ANMLZoo Automata Processing Benchmark Suite

IMPORTANT: if using ANMLZoo for experiments, please see ERRATA below...

ANMLZoo is under continual development. Please make sure to use the proper release for comparisons to prior work.

If you have any questions or comments, please feel free to contact [email protected] or create an Issue ticket.

Description

High-performance automata-processing engines are traditionally evaluated using a limited set of regular expressionrulesets. While regular expression rulesets are valid real-world examples of use cases for automata processing, they represent a small proportion of all use cases for automata-based computing. With the recent availability of architectures and software frameworks for automata processing, many new applications have been found to benefit from automata processing. These show a wide variety of characteristics that differ from prior, popular regular-expression benchmarks, and these should be considered when designing new systems for automata processing. This paper presents ANMLZoo, a benchmark repository for automata-based applications as well as automata engines for both von-Neumann and reconfigurable dataflow architectures.

Errata

Since the publication of ANMLZoo, we have found a few issues with the construction of the benchmarks. We've listed the main issues below that may impact your experimentation with suggested ways to get around this. We will be updated the benchmark suite with a Version 1.1 Summer 2017 that addresses most of these issues.

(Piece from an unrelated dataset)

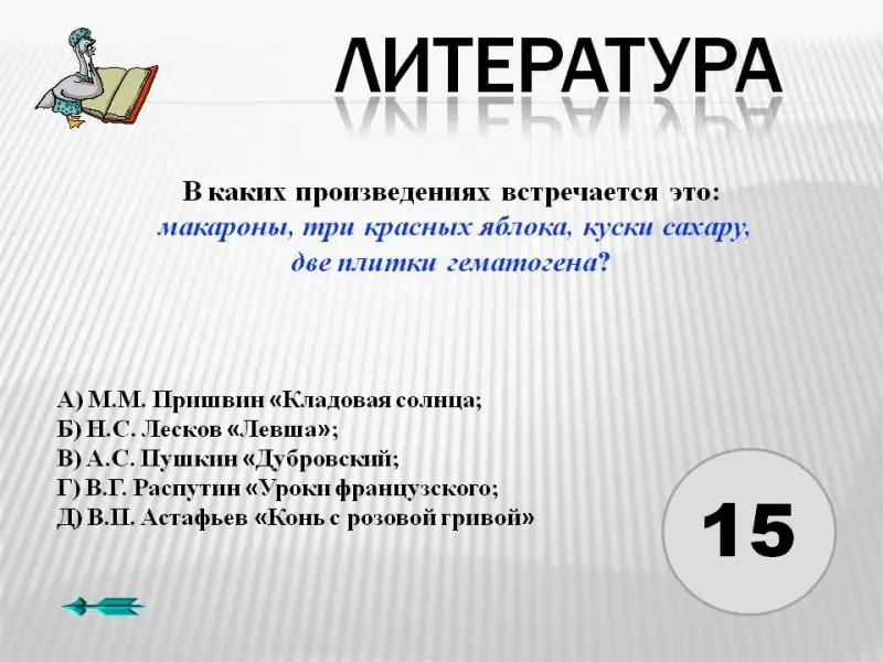 3. В каких произведениях встречается это: макароны, три красных яблока, куски сахару, две плитки гематогена?

The prefix merging algorithm in VASim had a bug that missed some minimization opportunities: We have since fixed this bug and are now able to properly minimize applications like SPM. SPM even in the ANMLZoo paper had a node count of over 100,000! We originally included the application because the Micron compiler was able to identify these optimization opportunities.
RandomForest was incorrectly generated: RandomForest was originally incorrectly generated for the ANMLZoo paper. We recognized this very early on and we have already generated a new application that fits within a single chip. I have noted this in the README for that application. The new application is rf.1chip.anml, while the old application used for the paper remains in the repo. This is discussed in the RandomForest README.
Some ANMLZoo benchmarks were improperly labeled as compiling to 1 chip: To generate ANMLZoo "standard candle" automata, we increased the widget count until the number of "rectangular blocks" used by the Micron compiler violated the number of available rectangular blocks on the Micron D480 chip. Unfortunately, this was not the correct way to identify if an automata used more than 1 chip's worth of resources. Consequently, we now know that applications such as Levenshtein, EntityResolution, Snort, and ClamAV actually require 1.5 chips (or 3 half cores). We are looking to remedy this in Version 1.1.

TODO

The benchmark suite has known mistakes outlined int the Errata. However, there are features that many users have requested that we plan to add in future versions. They are outlined below. If you would like a feature or application added to ANMLZoo, please create an issue ticket with a full description and use case of your feature.

Fix Erratum #3.
Add code for ANML emission.
Support MNRL file format.
Add more inputs for training and testing of automata optimization algorithms and automata processing engines and architecture development.
Add more automata within each "benchmark" label. Applications like Hamming and Levenshtein have huge amount of play in how they are generated. They were originally generated with semi-arbitrary parameters and so other applications with other dimensions could be added.

Benchmark Contributors

Jack Wadden
Vinh Dang
Deyuan Guo
Elaheh Sadredini
Ke Wang
Chunkun Bo
Nathan Brunelle
Tom Tracy II
Matt Grimm

This suite was originally compiled by Jack Wadden ([email protected]).

If you use this benchmark suite in a publication, please use the following citation:

Wadden, J., Dang, V., Brunelle, N., Tracy II, T., Guo, D., Sadredini, E., Wang, K., Bo, C., Robins, G., Stan, M., and Skadron, K. "ANMLZoo: A Benchmark Suite for Exploring Bottlenecks in Automata Processing Engines and Architectures." 2016 IEEE International Symposium on Workload Characterization (IISWC'16). IEEE, 2016.

@inproceedings{ANMLZoo,  
    title={{ANMLZoo: A Benchmark Suite for Exploring Bottlenecks in Automata Processing Engines and Architectures}},  
    author={Wadden, Jack and Dang, Vinh and Brunelle, Nathan and Tracy II, Tom and Guo, Deyuan and Sadredini, Elaheh and Wang, Ke and Bo, Chunkun and Robins, Gabriel and Stan, Mircea and Skadron, Kevin},
    booktitle={Proceedings of the IEEE International Symposium on Workload Characterization (IISWC)},  
    year={2017},  
}

License

Each benchmark and automata processing engine in ANMLZoo is individually licensed. Please refer to the benchmark directories for individual license files.

Acknowledgements

This work was started at the University of Virginia and was supported by the following organizations at some point in time: The ARCS Foundation, the National Science Foundation (CCF-1116673, CCF-1629450, EF-1124931), Micron Technologies, and the Center for Future Architectures Research (C-FAR), one of the six centers of STARnet, a Semiconductor Research Corporation program sponsored by MARCO and Darpa.